Another Tropic Thunder viral site just went live today, this one covering Robert Downey Jr.’s character, award-winning Australian actor Kirk Lazarus (you may remember the Tugg Speedman sites from last week).  I normally don’t cover viral sites for upcoming movies because they’re usually pointless marketing papsmear exhorting me to go on a scavenger hunt for the chance to see their stupid poster.  As Tropic Thunder wisely illustrates, keeping me entertained is a one-way street. 

Some highlights:

 “6 Time Crying Monkey Award Winner"

[From his bio] …Kirk finally settled and was raised by his aboriginal half-sister Bree (three years his junior) and her boyfriend Angus, in a modest apartment bloc in Coober-Pedy.  After years of living on government assistance, and finally ready to strike out on his own, the thirteen-year-old Lazarus set off to find his fortune.  According to his half sister (now late) he had “A real handle on catchin’ and knockin’ tha piss out of the wallabies, and he was as wild as a one legged dingo with a rash.”

Restless after apprenticing for several years as a “Nuisance Kangaroo Catcher” in the suburbs of Canberra, Kirk tried his hand at several other jobs.  First working at a Pig Iron smelting plant, then a Concrete Manufacturer, then a brief stint as a Truck Driver, and finally coming to work at a Thumbtack and Nail factory. 

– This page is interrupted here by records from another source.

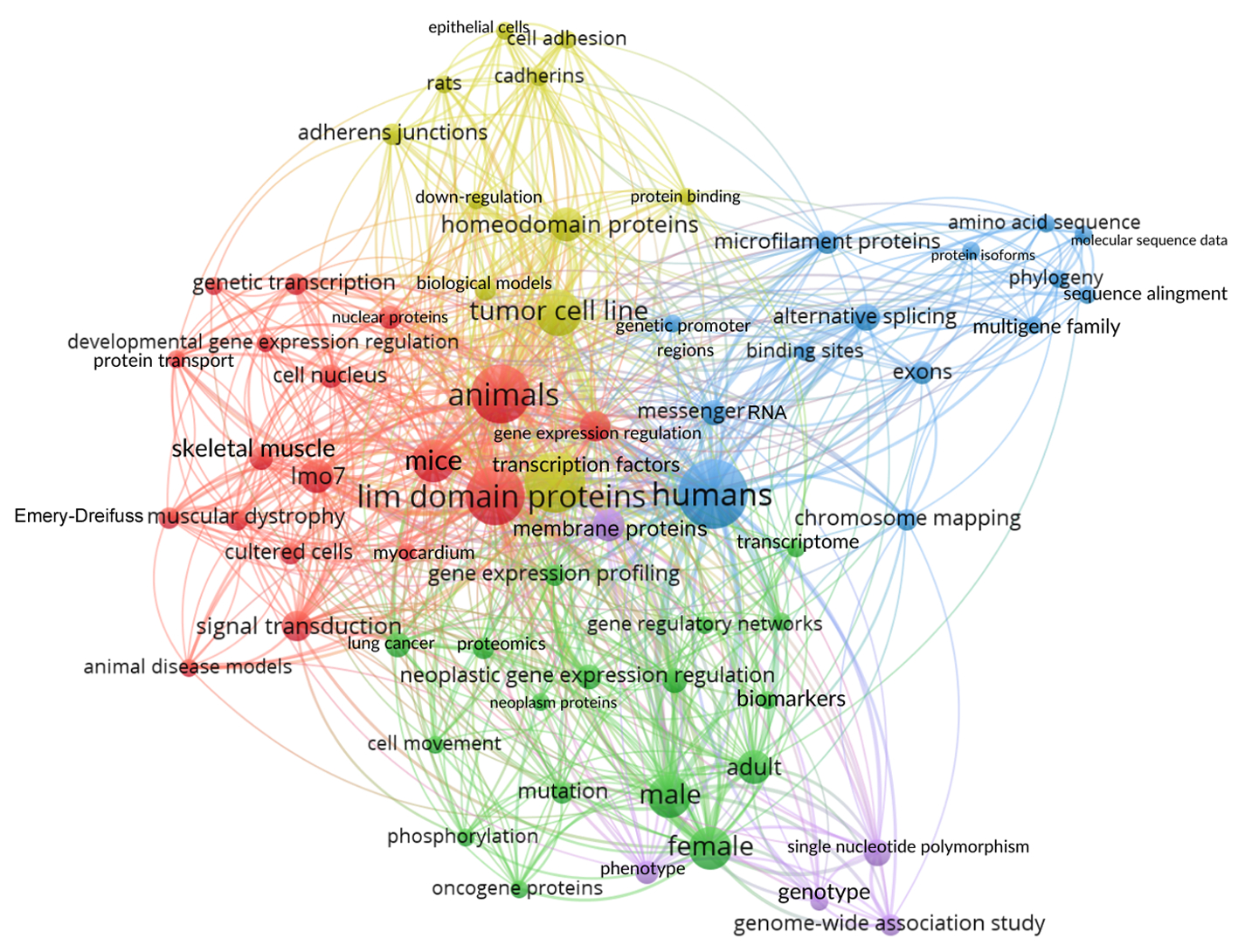 Figure 13. Bibliometric analysis of the co-occurrence relations between scientific terms found in the LMO7 articles. A term map of co-occurrence relations between the scientific terms was created from the bibliometric data retrieved from the titles and abstracts of the published LMO7 articles. The query was performed on October 10, 2021, by using descriptors [lmo7] OR [LMO7] OR [LMO-7] OR [lmo-7] OR [lim domain only protein 7] OR [Lim Domain Only Protein 7]. Five different colors indicate clusters of related terms.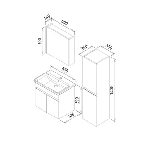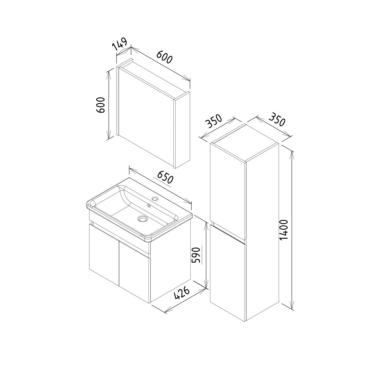 Ürün İçeriği: Lavabolu Alt Dolap, Aynalı Üst Dolap ve Boy Dolabı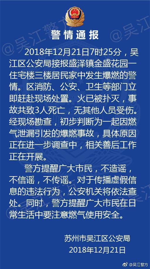 蘇州吳江一小區(qū)疑似發(fā)生煤氣爆炸事故共致3人死亡,無(wú)其他人員受傷

….It wasn’t until 1989 that Lazarus got his first big break.  Playing teenage undercover cop “Zack Blake” in the urban hip-hop cop drama “Rap Street”.  He seemed born to play the role of the illegitimate son of a boxer who had worked in a nail factory before going to Juvie for stabbing a pornographer, copping a plea, and becoming a cop.  The role, however, only lasted a year, and Kirk was let go after stabbing a make-up artist in the neck with a comb when he tried to put eyeliner on him.

…After a few knocks and perceived career missteps, like declining to take the role of the retarded boy in "What’s Eating Gilbert Grape", Kirk finally got his first big shot in the movies, playing a southern racist Klan leader in the civil rights film "Whistlin’ at White Women."

Anyway, there’s more over at KirkLazarus.com and most of it’s pretty funny.  But you know what’s not funny?  White slavery.